Speaker Bio: Yanna Lin, Postdoctoral Researcher at Hong Kong University of Science and Technology, supervised by Professor Huamin Qu. She has received the Hong Kong Government's highest award "Hong Kong PhD Fellowship Scheme" (HKPFS), published more than ten papers in international top conferences and journals in visualization and human-computer interaction fields (such as IEEE VIS, ACM CHI, IEEE TVCG), and received Best Paper Nomination Awards from IEEE VIS and ChinaVis. She serves as a program committee member for conferences such as CHI, CIKM, and ChinaVis, and has long served as a reviewer for international top conferences and journals such as IEEE VIS, TVCG, and UIST. Her research focuses on data analysis, visual analytics, and human-computer interaction, committed to optimizing exploratory data analysis workflows. For more information, please visit her personal homepage: https://yannahhh.github.io.
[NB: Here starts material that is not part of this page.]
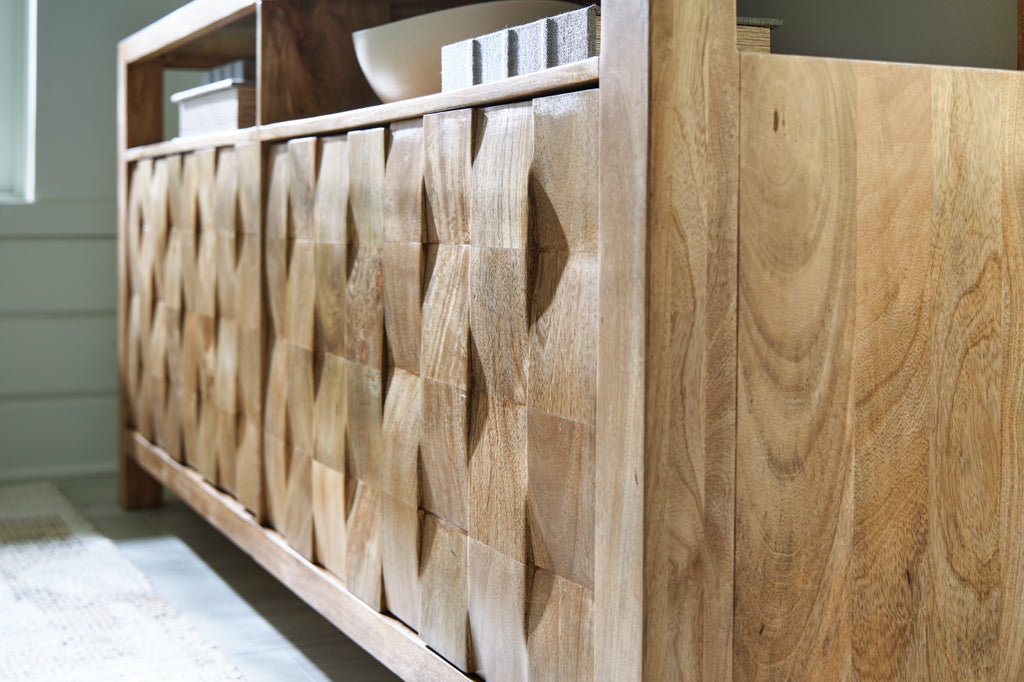 - Made with mango wood solids, engineered wood and veneer

Visual Analytics Research for Natural Language Model Interpretability

Yingchaojie Feng
Zhejiang University
Abstract: Natural language-based human-computer interaction patterns are becoming increasingly popular and widely used in complex task scenarios such as creative design and data analysis. However, the interpretability of natural language models has gradually become a key factor limiting the improvement of human-computer collaboration efficiency. The "black box" characteristics of models make it difficult for users to understand the model's behavioral characteristics and processing logic, resulting in low efficiency in processes such as constructing model inputs and evaluating model outputs. This research addresses model interpretability issues in multiple complex task scenarios, proposing new visual analytics methods to help users explore the model's input space, diagnose the model's output process, and evaluate the model's safety and reliability, thereby improving model interpretability and human-computer collaboration efficiency.
Speaker Bio: Yingchaojie Feng, PhD from Zhejiang University, supervised by Professor Wei Chen. Research interests include visualization, natural language processing, and human-computer interaction. The main goal is to improve human-computer collaboration efficiency through designing visualization interaction systems. Related achievements have been published in journals and conferences such as TVCG, ACL, and TKDE.